The two parties struck the deal at the climax of a frenzied weekend in which Lehman Brothers Holdings Inc. filed for bankruptcy protections and speculation abounded that American International Group Inc. and Washington Mutual Inc. were in deep trouble.
The Charlotte, N.C., buyer is offering 0.8595 of a Bank of America share for each Merrill Lynch common share, the banks said in a statement. The deal values Merrill stock at $29 and represents a premium of 70 percent to Merrill's closing price Friday of $17.05.
While not quite a fire-sale price, the price is equal to about 30 percent of Merrill's record high of $97.69 reached in January 2007 and is equivalent to 1.8 times stated tangible book value. By almost any definition, being able to buy the third-best name in U.S. investment banking for less than thrice tangible book value has been considered an attractive offer for Bank of America.
"Acquiring one of the premier wealth management, capital markets, and advisory companies is a great opportunity for our shareholders," Bank of America Chairman and CEO Ken Lewis said in the statement. "Together, our companies are more valuable because of the synergies in our businesses."

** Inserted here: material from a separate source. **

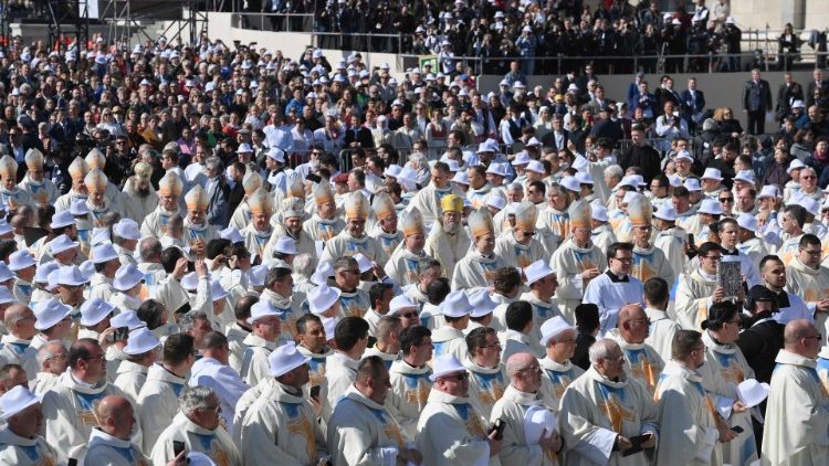 «Браття й сестри, зібравшись тут цього ранку, ми відчуваємо радість від того що є святим Божим людом: всі ми народжуємося з цього покликання; це Він нас скликав, через це ми – Його народ, Його отара, Його Церква. Він зібрав нас, хоч і відрізняємося між собою та належимо до різних спільнот, щоби велич Його любові об’єднала всіх в одних обіймах. Бути разом – прекрасно: єпископи і священики, богопосвячені особи та миряни. Прекрасним є розділити цю радість із екуменічними делегаціями, з очільниками єврейської спільноти, з представниками цивільних інституцій і дипломатичного корпусу. В цьому й полягає католицькість: всі ми, християни, покликані на ім’я добрим Пастирем, покликані приймати та поширювати Його любов, робити його кошару інклюзивною, яка ніколи нікого не виключає», – наголосив Папа.

A union of Bank of America and Merrill Lynch would create and institution with more than 20,000 advisers and $2.5 trillion in client assets, and B of A already has the largest U.S. bank network with 6,100 retail banking offices, more than 18,500 ATMs.
Like its rival J.P. Morgan Chase & Co., Bank of America has so far weathered the financial crisis well and used it as an opportunity to grow rather than retrench. Bank of America in July agreed to buy another subprime-battered institution, mortgage lender Countrywide Financial Corp., for $2.5 billion in stock. Bank of America had also been in the hunt for Lehman Brothers before pulling out over the weekend.
J.P. Morgan also grew its investment banking and brokering business this year when it agreed in March to buy Bear Stearns & Cos.
The deal caps off a year of utter indignity for Merrill Lynch. The bank ousted then-Chief Executive Stanley O'Neal last October as its exposure to mortgage-backed assets built up losses. As of July, the company had lost $19 billion, raised about $30 billion in capital, and taken about $47 billion in total writedowns. As of last week, the market was undecided whether those problems would persist.
Merrill Lynch "remains exposed to additional writedowns through its exposure to CDOs and to residential and commercial mortgages," wrote Standard & Poor's equity analyst Matthew Albrecht in a note Thursday. "But July actions to reduce CDO positions and shore up its capital base have improved its outlook, in our view."
Lewis has been one of the most acquisitive bank chief executives in the world since becoming CEO of Bank of America seven years ago, making more than $100 billion of purchases including FleetBoston Financial Corp. and credit-card issuer MBNA Corp.
Bank of America expects to achieve $7 billion in pretax savings in the Merrill deal, fully realized by 2012. The acquisition is expected to boost earnings by 2010.
Under the agreement, three unnamed Merrill directors will join Bank of America's board. It was unclear whether Merrill Chairman and CEO John Thain has a role.
The parties expect to close the deal in the first quarter of 2009. It requires clearance from both sets of shareholders, as well as standard regulatory approvals.
Merrill Lynch sought legal advice from Shearman & Sterling. Merrill's independent directors took legal advice from a Cravath, Swaine & Moore team that included Robert D. Joffe, Susan Webster and Sarkis Jebejian.